Japan Geoscience Union Meeting 2025

Presentation information

[J] Oral

S (Solid Earth Sciences ) » S-CG Complex & General

[S-CG63] Reducing risks from earthquakes, tsunamis & volcanoes: new applications of realtime geophysical data

Thu. May 29, 2025 10:45 AM - 12:15 PM 201B (International Conference Hall, Makuhari Messe)

convener:Yuki Kodera(Meteorological Research Institute, Japan Meteorological Agency), Masumi Yamada(Disaster Prevention Research Institute, Kyoto University), Yusaku Ohta(Research Center for Prediction of Earthquakes and Volcanic Eruptions, Graduate School of Science, Tohoku University), Naotaka YAMAMOTO CHIKASADA(National Research Institute for Earth Science and Disaster Resilience), Chairperson:Yuki Kodera(Meteorological Research Institute, Japan Meteorological Agency), Naotaka YAMAMOTO CHIKASADA(National Research Institute for Earth Science and Disaster Resilience)

11:15 AM - 11:30 AM

[SCG63-03] New Approach Based on Machine Learning for Earthquake Early Warning: Simultaneous Prediction of Noise Discrimination and Threshold Exceedance

*Shunta Noda1, Naoyasu Iwata1, Masahiro Korenaga1 (1.Railway Technical Research Institute)

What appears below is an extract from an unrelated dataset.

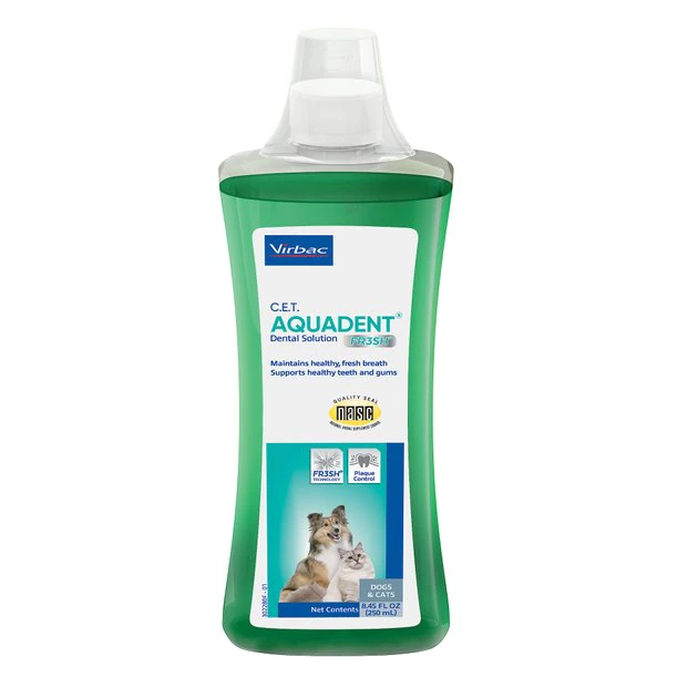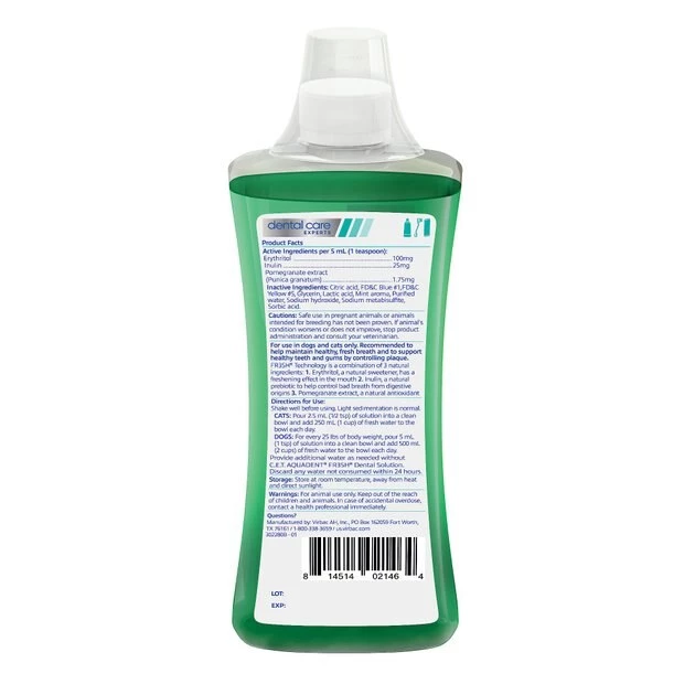Help keep your furry friend’s breath fur-esh and her teeth in tip-top condition with Virbac C.E.T Aquadent Dog & Cat Dental Solution. This formula is made in the USA with FR3SH Technology, which uses three natural ingredients—erythritol, pomegranate and inulin. Erythritol is a natural sweetener that delivers a fresh mouth feel, pomegranate is a natural antioxidant that helps combat plaque and bacteria and inulin is a natural prebiotic that helps control the growth of bacteria helping to fight bad breath. This dental solution not only promotes fresh breath, but it also helps keep teeth and gums healthy, too!

Keywords:earthquake early warning, machine learning, recurrent neural network, on-site warning

Traditional earthquake early warning systems process seismometer data through a sequential flow involving noise discrimination, P-wave onset determination, earthquake parameter estimation, ground motion prediction equations, and magnitude updates. This workflow relies on multiple processing steps to issue alerts, leading to significant computational load during earthquakes. Recent advancements in machine learning (ML) have shown potential to improve these systems. For example, Noda and Iwata (2024) applied LSTM (Long Short-Term Memory) and GRU (Gated Recurrent Unit) models for noise discrimination, achieving higher accuracy than traditional methods. Similarly, Noda et al. (2023) and Noda (2024) used convolutional neural networks (CNNs) to enhance earthquake parameter estimation. However, these approaches replace individual steps in the traditional flow and generally increase computational demands, requiring careful implementation to avoid delays.
This study leverages the flexibility of ML to simplify the workflow by integrating noise discrimination and threshold exceedance classification into a single process. Unlike previous methods that categorized data as "seismic" or "non-seismic," our approach focuses on whether the observed ground motion exceeds a predefined threshold. Seismic signals below the threshold are treated as non-seismic (e.g., train vibrations or ambient noise). This allows the model to directly output the probability of threshold exceedance without intermediate steps like parameter estimation or ground motion prediction, significantly reducing computational complexity and enabling consistent processing irrespective of seismic motion.
We developed and tested ML models (LSTM and GRU) using three-component acceleration data. The training data included noise signals (e.g., train vibrations) and seismic waveforms from K-NET and Shinkansen seismometers. The threshold was set at 40 gal for JR-PGA (horizontal two-component acceleration with a 5 Hz low-pass filter; Nakamura et al., 2005). Labels were assigned as 0 for no exceedance and 1 for exceedance. Sequences of 1-second acceleration data were input to the models, which output classification probabilities. Because no significant difference in accuracy was observed between LSTM and GRU, results from the LSTM model are presented here. Classifications were based on a probability threshold of 0.5.
The model demonstrated high precision in distinguishing non-seismic data, achieving a recall rate of 99.9996%. This reflects the model's ability to accurately exclude noise, as JR-PGA values for noise data rarely exceed 40 gal. For seismic signals below the threshold, the recall rate was 88.6%. Misclassifications in this category were primarily observed for records with JR-PGA values near the threshold (average values: 5.3 gal for correct classifications and 24.2 gal for misclassifications). For seismic signals exceeding the threshold, the recall rate was 99.6%. Notably, 54% of threshold exceedance events were identified within 3 seconds of the P-wave onset, compared to only 4.3% based on traditional JR-PGA calculations. This suggests that the LSTM model predicts future amplitudes from P-wave characteristics, allowing earlier warning issuance than conventional methods.
The proposed approach corresponds to on-site warnings, where alerts are generated based on local observations. Future work will focus on extending this method to regional warnings, covering broader areas with enhanced prediction capabilities.